As well as telling you if you have cancer, Alzheimer’s, or liver disease, it will measure if your cholesterol is too high, if your kidney function is not great or if you have any number of hormone related issues.

The theoretical value of this to a patient’s health, longevity and quality of life is enormous. While no types of dementia can be cured at present, if caught early enough, mitigation is possible to benefit the sufferer and their families. Further down the line, it may save on the cost of prescribing expensive pharmaceuticals and specialist care.

And yet there is a strong argument against over-diagnosing.  Many patients live with conditions they never know about, and they die with them but not of them. No one has perfect health, and if a physician tests for 100 things, they are bound to find something wrong.

There is also the issue of insurance risk. If an insurance company knows that a patient has something likely to kill them over the next decade, will they take them on as an insurance risk? Probably not.

Investors in diagnostics already include some large insurers who want to know what risks they are taking with every policyholder. A corollary of having an all-singing-all-dancing tricorder test available on the shelves at every neighbourhood pharmacy, is that you may be required to take one before being considered for health, life or even car insurance.

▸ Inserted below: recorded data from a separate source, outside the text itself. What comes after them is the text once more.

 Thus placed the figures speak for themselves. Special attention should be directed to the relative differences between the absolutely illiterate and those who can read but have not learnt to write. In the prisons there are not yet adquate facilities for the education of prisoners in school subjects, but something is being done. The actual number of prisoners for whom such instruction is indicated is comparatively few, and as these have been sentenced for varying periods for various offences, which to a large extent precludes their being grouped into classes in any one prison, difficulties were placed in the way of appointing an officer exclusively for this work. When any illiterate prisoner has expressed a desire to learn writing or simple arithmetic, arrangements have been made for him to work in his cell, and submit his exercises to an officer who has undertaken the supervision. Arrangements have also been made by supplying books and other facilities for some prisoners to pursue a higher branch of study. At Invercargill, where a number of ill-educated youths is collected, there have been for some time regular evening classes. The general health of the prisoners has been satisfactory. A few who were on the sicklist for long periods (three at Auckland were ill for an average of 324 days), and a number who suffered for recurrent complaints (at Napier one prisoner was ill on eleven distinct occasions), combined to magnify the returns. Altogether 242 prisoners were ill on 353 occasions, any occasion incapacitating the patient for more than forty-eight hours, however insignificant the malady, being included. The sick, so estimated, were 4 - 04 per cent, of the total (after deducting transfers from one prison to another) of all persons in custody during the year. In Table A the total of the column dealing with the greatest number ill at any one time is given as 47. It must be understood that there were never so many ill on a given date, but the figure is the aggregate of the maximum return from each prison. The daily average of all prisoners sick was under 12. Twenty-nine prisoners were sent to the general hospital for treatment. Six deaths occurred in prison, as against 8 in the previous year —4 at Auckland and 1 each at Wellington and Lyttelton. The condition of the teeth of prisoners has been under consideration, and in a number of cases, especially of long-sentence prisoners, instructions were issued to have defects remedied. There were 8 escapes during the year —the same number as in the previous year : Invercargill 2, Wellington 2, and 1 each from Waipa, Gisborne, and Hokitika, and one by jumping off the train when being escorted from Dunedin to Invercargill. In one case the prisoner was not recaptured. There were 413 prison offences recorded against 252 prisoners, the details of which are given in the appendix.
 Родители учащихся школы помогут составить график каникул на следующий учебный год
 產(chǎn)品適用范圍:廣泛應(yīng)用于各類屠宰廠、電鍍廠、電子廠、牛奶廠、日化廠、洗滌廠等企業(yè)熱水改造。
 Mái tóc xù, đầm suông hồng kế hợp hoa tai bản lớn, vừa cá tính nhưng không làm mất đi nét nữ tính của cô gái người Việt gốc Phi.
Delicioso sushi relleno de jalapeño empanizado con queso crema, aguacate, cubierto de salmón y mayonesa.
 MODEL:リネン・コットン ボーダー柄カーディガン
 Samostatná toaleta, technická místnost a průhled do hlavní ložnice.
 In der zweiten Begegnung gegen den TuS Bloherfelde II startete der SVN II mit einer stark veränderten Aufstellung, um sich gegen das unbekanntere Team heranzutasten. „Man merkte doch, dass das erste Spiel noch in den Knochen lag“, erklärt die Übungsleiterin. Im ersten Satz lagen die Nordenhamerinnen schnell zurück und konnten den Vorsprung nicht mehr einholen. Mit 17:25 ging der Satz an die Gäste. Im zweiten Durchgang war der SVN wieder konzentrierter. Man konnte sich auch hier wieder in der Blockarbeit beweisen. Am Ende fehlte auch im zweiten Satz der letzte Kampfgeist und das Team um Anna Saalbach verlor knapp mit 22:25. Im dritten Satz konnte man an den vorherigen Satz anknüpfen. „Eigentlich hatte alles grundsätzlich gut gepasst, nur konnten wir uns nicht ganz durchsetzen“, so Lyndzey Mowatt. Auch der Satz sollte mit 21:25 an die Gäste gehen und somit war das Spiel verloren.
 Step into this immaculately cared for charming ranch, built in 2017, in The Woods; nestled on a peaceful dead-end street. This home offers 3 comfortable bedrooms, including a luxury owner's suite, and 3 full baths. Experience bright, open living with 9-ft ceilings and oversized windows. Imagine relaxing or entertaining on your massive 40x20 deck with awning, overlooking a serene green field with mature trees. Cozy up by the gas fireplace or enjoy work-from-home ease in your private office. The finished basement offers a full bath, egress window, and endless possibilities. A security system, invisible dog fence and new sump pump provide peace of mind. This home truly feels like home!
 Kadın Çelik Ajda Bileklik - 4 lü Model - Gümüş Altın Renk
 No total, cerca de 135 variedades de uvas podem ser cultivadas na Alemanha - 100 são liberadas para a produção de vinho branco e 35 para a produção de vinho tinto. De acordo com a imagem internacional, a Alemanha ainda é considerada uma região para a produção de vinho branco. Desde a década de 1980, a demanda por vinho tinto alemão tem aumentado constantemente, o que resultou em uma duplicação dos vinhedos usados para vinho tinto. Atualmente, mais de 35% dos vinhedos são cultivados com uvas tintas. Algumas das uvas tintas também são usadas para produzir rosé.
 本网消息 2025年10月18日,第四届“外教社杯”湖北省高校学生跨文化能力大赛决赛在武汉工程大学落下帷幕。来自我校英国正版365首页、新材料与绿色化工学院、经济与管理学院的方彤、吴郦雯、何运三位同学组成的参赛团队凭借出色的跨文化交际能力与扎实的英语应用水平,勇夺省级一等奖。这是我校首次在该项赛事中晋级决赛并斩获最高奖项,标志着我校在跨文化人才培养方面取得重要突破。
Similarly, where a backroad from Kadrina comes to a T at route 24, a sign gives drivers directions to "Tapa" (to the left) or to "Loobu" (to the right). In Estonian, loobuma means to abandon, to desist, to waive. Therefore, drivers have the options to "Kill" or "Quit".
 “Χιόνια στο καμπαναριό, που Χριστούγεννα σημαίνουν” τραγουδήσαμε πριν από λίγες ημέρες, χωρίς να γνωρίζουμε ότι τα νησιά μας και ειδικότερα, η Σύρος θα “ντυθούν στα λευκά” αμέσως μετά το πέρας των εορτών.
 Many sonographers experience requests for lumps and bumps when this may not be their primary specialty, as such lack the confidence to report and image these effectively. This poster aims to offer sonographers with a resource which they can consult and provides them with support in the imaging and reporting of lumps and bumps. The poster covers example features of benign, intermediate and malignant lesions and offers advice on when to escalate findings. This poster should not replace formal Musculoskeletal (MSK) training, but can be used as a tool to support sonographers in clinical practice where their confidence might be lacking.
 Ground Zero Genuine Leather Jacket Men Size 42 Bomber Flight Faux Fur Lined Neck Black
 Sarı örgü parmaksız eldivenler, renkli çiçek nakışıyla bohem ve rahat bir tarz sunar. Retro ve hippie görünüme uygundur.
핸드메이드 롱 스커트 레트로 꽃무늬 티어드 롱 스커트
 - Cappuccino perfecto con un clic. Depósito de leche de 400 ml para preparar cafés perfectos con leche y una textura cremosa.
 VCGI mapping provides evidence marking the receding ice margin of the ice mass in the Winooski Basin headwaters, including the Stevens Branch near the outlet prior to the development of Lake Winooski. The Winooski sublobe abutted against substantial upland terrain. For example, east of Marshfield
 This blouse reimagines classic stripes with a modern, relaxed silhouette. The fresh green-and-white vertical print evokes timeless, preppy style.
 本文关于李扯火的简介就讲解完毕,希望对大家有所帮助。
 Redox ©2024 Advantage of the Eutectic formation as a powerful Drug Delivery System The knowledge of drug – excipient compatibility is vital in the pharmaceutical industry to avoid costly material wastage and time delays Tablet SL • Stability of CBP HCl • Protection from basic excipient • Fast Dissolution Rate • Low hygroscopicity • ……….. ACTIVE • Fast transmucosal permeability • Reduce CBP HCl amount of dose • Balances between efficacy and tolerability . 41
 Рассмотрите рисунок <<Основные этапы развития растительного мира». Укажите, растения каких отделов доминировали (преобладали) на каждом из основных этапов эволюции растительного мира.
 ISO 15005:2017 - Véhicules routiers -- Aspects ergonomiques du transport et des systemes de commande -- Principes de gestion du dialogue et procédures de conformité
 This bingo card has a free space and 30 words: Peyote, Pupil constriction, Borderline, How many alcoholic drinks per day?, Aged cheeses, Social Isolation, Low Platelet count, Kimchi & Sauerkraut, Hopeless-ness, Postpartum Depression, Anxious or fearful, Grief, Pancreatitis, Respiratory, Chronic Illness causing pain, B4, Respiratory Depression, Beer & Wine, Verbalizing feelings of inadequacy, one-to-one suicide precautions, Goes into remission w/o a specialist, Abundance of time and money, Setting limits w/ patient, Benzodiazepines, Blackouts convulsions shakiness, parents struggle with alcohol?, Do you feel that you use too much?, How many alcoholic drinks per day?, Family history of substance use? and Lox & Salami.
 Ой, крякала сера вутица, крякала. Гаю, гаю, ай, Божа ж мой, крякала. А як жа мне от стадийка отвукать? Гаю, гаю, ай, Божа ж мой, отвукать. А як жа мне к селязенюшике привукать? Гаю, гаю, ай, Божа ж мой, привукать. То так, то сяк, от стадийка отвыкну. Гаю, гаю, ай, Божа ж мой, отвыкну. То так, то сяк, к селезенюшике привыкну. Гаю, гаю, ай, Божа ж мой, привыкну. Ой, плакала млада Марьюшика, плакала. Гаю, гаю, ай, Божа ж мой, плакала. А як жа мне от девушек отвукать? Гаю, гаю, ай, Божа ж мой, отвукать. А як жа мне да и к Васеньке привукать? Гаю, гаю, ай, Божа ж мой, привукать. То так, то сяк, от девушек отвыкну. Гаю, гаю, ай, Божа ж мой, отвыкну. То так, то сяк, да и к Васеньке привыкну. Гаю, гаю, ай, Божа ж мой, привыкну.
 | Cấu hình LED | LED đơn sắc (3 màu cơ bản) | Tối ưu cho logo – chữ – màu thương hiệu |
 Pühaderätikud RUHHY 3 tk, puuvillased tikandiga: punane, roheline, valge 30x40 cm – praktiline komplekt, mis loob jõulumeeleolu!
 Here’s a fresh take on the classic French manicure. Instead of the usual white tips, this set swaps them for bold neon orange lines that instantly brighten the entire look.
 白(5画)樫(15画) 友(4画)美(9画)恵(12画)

Resistance to the exponential growth of diagnostics might even come from within the NHS because, as technology develops, it will inevitably face greater and more detailed diagnostics reporting requirements.

There could be echoes of the current dichotomy faced by health service providers who have to meet a growing requirement to hit or exceed outcome targets while, at the same time, coping with ever greater demands on service capacity, with finite resources.

Medical diagnostic technology will continue to improve, and the ongoing trend towards using ever more artificial intelligence in finding increasingly faint signals in ever-growing datasets will allow physicians ever greater accuracy and understanding. However, collecting and interpreting the vast amounts of raw information from these enormous datasets requires a set of human skills that is not yet widely available.

Ivor Campbell is Managing Director of Stirlingshire-based Snedden Campbell, a search company for the medical technology industry.